***** Records for processing *****
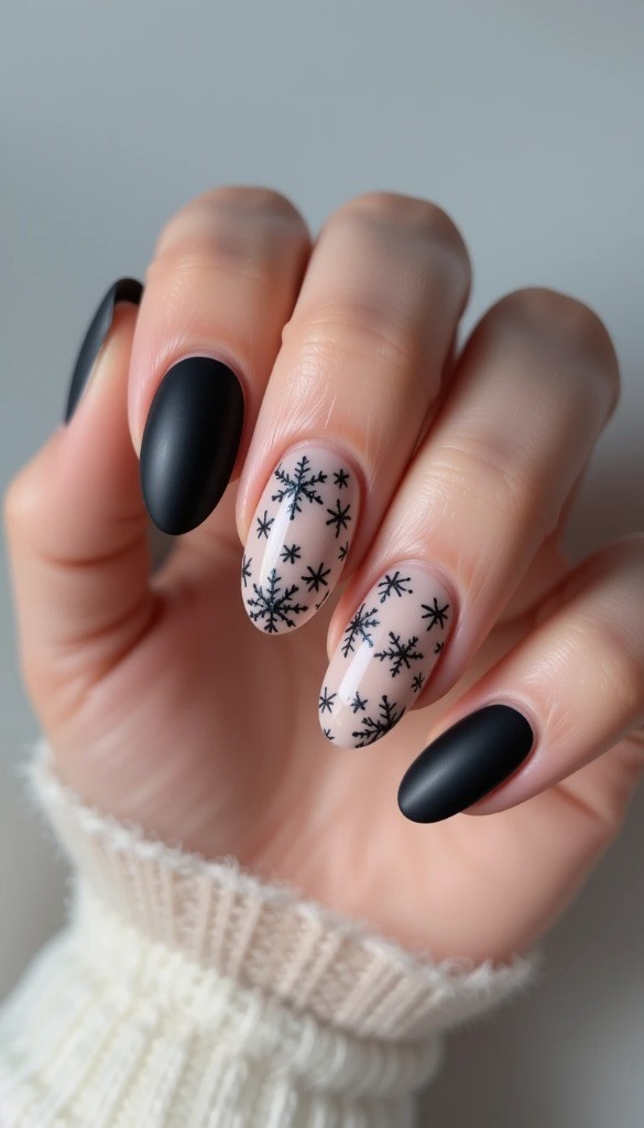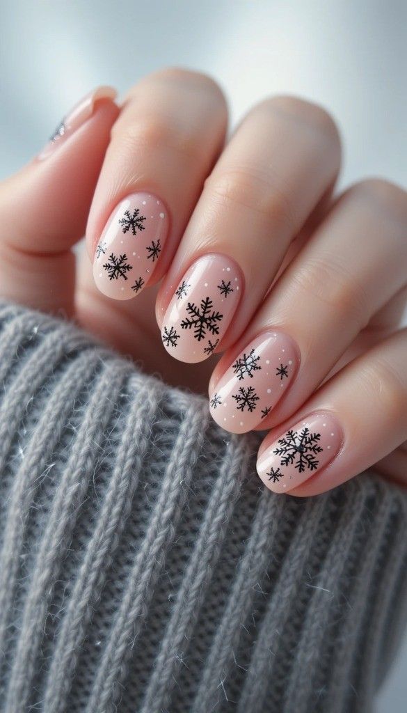 Soft nude nails feature delicate black snowflakes, paired with tiny white dots for extra sparkle. The glossy finish enhances the clean lines and festive charm.
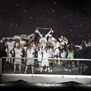 El domingo por la noche, la fiesta continuaba en el Estadio Santiago Bernabéu, con las gradas llenas.
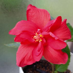 hiroさん😂😂😂😂😂😂 咲いたよ〰〰〰〰〰🌺🙌 去年カット✄された娘を挿していて😊キッチンで冬越し😅 根が出たようなので定植🤗 以前に蕾が付いたのを報告しましたが、✄するするって言いながら😅 お花を見たいばっかりにそのままに😂 今朝咲いていました😆😆😆😆😆 🏷真っ赤な火曜日
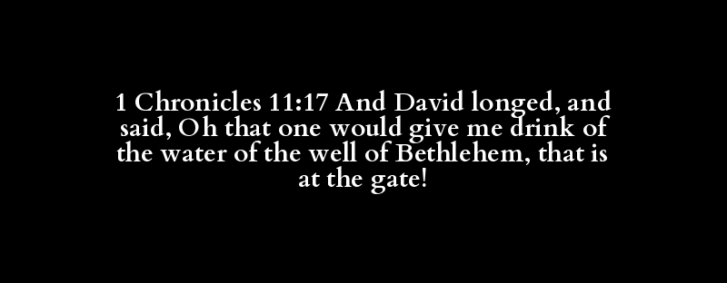 1 Chronicles 11:17 And David longed, and said, Oh that one would give me drink of the water of the well of Bethlehem, that is at the gate!
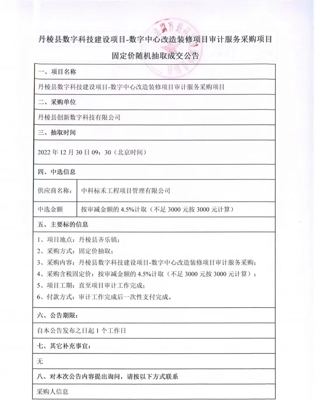 丹棱縣數(shù)字科技建設(shè)項(xiàng)目-數(shù)字中心改造裝修項(xiàng)目審計(jì)服務(wù)采購(gòu)項(xiàng)目固定價(jià)隨機(jī)抽取成交公告
*****
## [Work required]
Exclude all pictures and return precisely the lines from the one containing "hiroさん😂😂😂😂😂😂 咲いたよ〰〰〰〰〰🌺🙌 去年カット✄された娘を挿していて😊キッチンで冬越し😅" through the closing line of the data.

## [The completed task]
 hiroさん😂😂😂😂😂😂 咲いたよ〰〰〰〰〰🌺🙌 去年カット✄された娘を挿していて😊キッチンで冬越し😅 根が出たようなので定植🤗 以前に蕾が付いたのを報告しましたが、✄するするって言いながら😅 お花を見たいばっかりにそのままに😂 今朝咲いていました😆😆😆😆😆 🏷真っ赤な火曜日
 1 Chronicles 11:17 And David longed, and said, Oh that one would give me drink of the water of the well of Bethlehem, that is at the gate!
 丹棱縣數(shù)字科技建設(shè)項(xiàng)目-數(shù)字中心改造裝修項(xiàng)目審計(jì)服務(wù)采購(gòu)項(xiàng)目固定價(jià)隨機(jī)抽取成交公告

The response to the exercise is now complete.